The format’s virtue is intuitive reading when the odds are round numbers. “5/1” reads as “five to one” and everyone understands that means the underdog at a five-to-one ratio. The format’s defect is that comparing 11/8 and 23/20 mentally is harder than comparing 2.375 and 2.15 decimal. Fractional is great for round-number bar conversations, worse for sharp sportsbook math.
Most crypto sportsbooks display fractional mostly as a legacy courtesy for British users who insist on it. Behind the scenes, every modern sportsbook models in decimal and converts for display. If you never see fractional, you’ll never need to work with it. If your book is UK-facing and defaults to fractional, you can almost always switch in settings.
Converting Odds to Implied Probability in Your Head
Implied probability is the single most useful number in sports betting, and the reason to be comfortable in all three formats is that you can compare prices across books instantly if you can extract the implied probability fast.
From decimal: divide 1 by the odd. 2.00 is 50 per cent. 2.50 is 40 per cent. 3.00 is 33 per cent. 1.80 is 55.6 per cent. Practice until the common values are memorised.
From American negatives: odds divided by (odds + 100). -110 is 110/210 = 52.4 per cent. -150 is 150/250 = 60 per cent. -200 is 200/300 = 66.7 per cent. -400 is 400/500 = 80 per cent.
From American positives: 100 divided by (odds + 100). +100 is 100/200 = 50 per cent. +150 is 100/250 = 40 per cent. +250 is 100/350 = 28.6 per cent.
From fractional: denominator divided by (numerator + denominator). 1/1 is 1/2 = 50 per cent. 3/1 is 1/4 = 25 per cent. 7/2 is 2/9 = 22.2 per cent.
Why this matters for actual betting. Say you’re looking at a live BTC bet on an A-League match and Book 1 is offering 2.15 decimal while Book 2 is offering -118 American. Which is the better price? Convert: 2.15 decimal = 46.5 per cent implied; -118 American = 118/218 = 54.1 per cent implied. Wait — those aren’t the same market.
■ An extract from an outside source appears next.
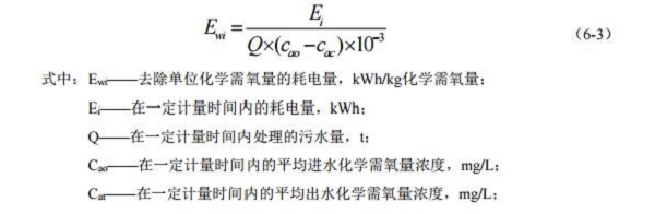 企業(yè)在一定計(jì)量時(shí)間內(nèi)處理單位化學(xué)需氧量需要消耗的用電量,耗電量?jī)H計(jì)算處理污水達(dá)到要求的排放標(biāo)準(zhǔn)時(shí)所消耗的電量,不含再生利用過程消耗的電能(同時(shí)包括辦公使用的耗電量,不包括基建、生活用耗電量等)。按公式6-3計(jì)算:

Let me use a cleaner example. Book 1 offers 2.15 decimal (46.5 per cent). Book 2 offers +115 American (100/215 = 46.5 per cent). Same price, different format. Being able to check that in your head in five seconds is the reason to internalise these conversions.
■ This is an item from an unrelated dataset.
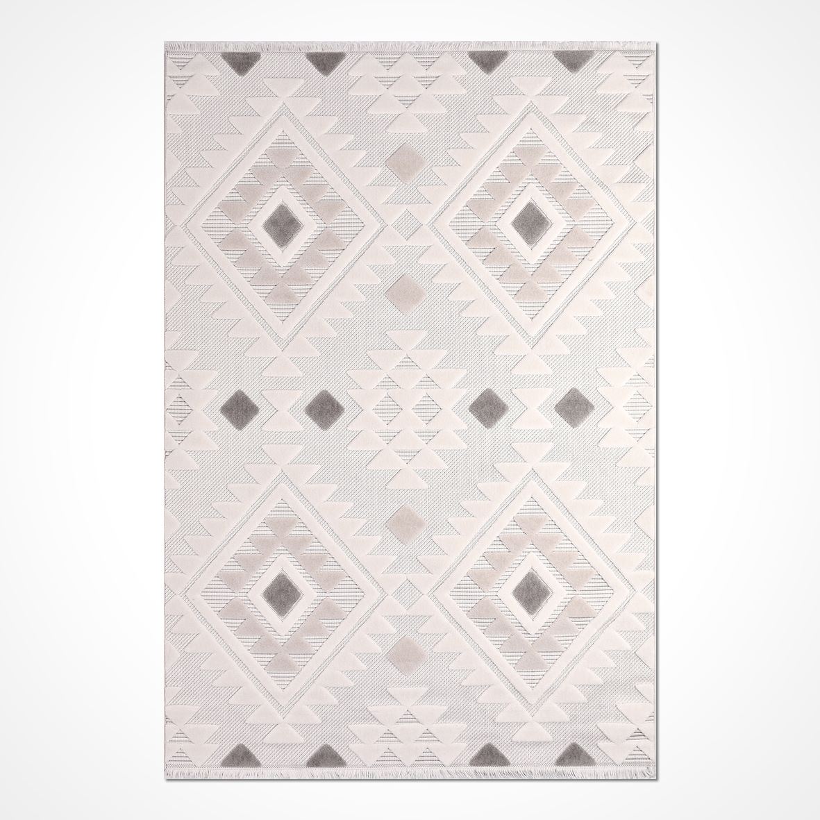 Beige Geometric Area Rug – Machine Made Polyester Rug with 8mm Pile Height

The broader principle: once you’re comparing implied probabilities rather than raw odds, you can see immediately which book is offering the best price, and you can calculate the vig on any market by summing the implied probabilities of all outcomes. A two-way market where both sides add to 105 per cent has a 5 per cent vig (calculated as (sum – 100) / sum = 5/105 = 4.76 per cent hold). That arithmetic is the backbone of book-selection, and the deeper maths on how to compare books without getting fooled lives in the piece on reading the house edge and vig on crypto sportsbooks.
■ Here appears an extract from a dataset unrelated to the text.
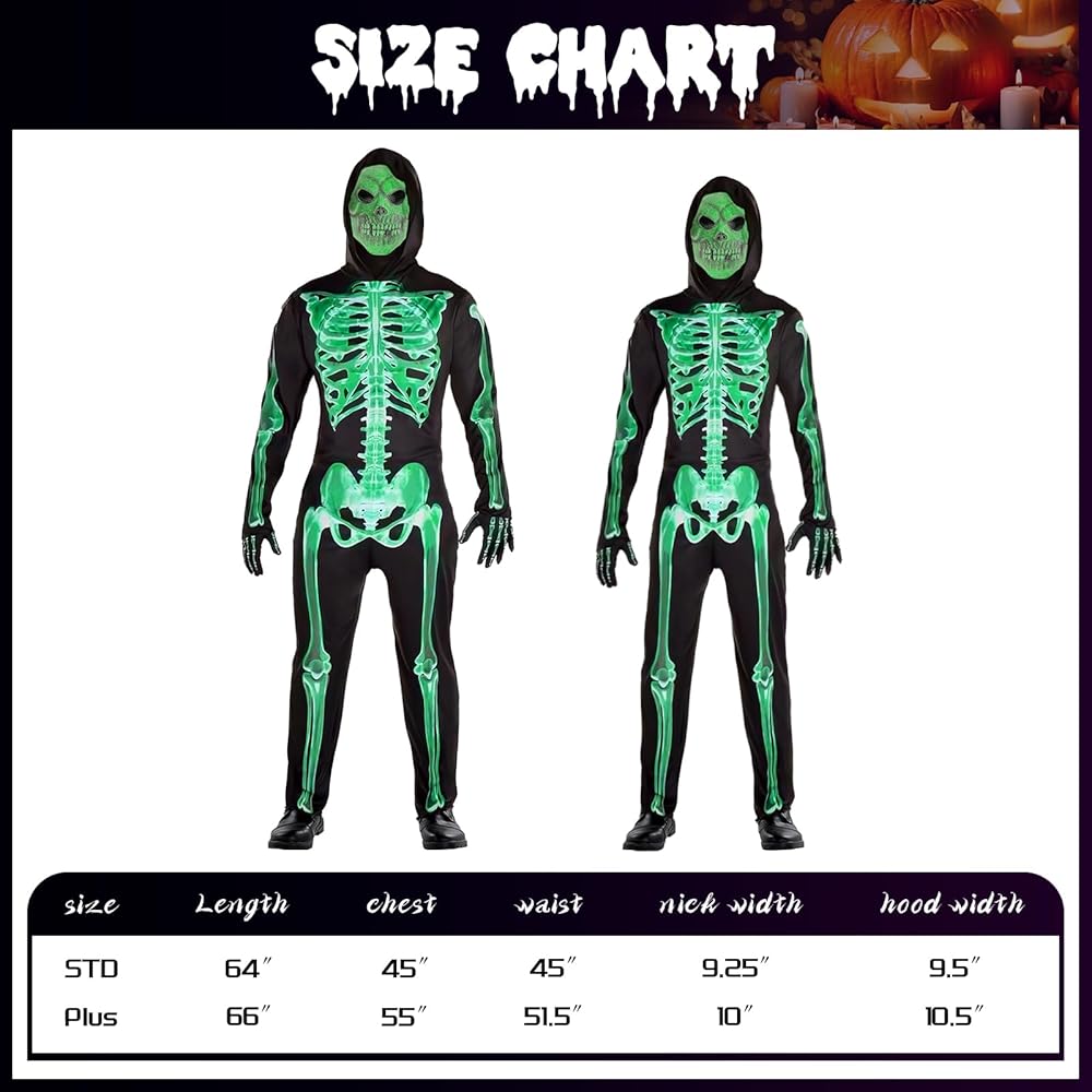 Package Includes: Adult skeleton costume comes with 1 black & green skeleton jumpsuit with hood, 1 face mask, and 1 pair of gloves. Transform into a spooky and stylish skeleton with this adult Halloween costume.

Do crypto sportsbooks ever show odds in BTC rather than USD?
Odds themselves are unitless — a decimal 2.00 or an American -110 is a ratio, not a currency. What some crypto books do display differently is the payout preview: showing you ‘0.01855 BTC return’ instead of ‘A$1,200 return.’ The odds stay the same across currencies; only the stake and payout are denominated. If your book shows stakes in BTC but converts to USD for display, that’s a setting, not a pricing difference.
Why does decimal odds of 1.91 feel worse than -110 when they are the same?
They are the same price — -110 American converts to exactly 1.909 decimal, and the implied probability is identical at 52.4 per cent. The psychological difference is that 1.91 looks like ‘less than 2,’ which reads as a bad return, while -110 looks like a ‘standard’ price Americans are used to. Format familiarity shapes perception. Neither is a better deal than the other; both are the same break-even threshold.
Does format choice change my expected return at all?
No. Expected return is a function of the true probability versus the implied probability in the odds, and that relationship is format-agnostic. What format choice can affect is decision speed — a bettor fluent in decimal can compare prices faster than one fumbling through American-to-decimal conversions on a live market. Speed of decision is not the same as mathematical edge, but in-play it can determine whether you catch a move before the line resets.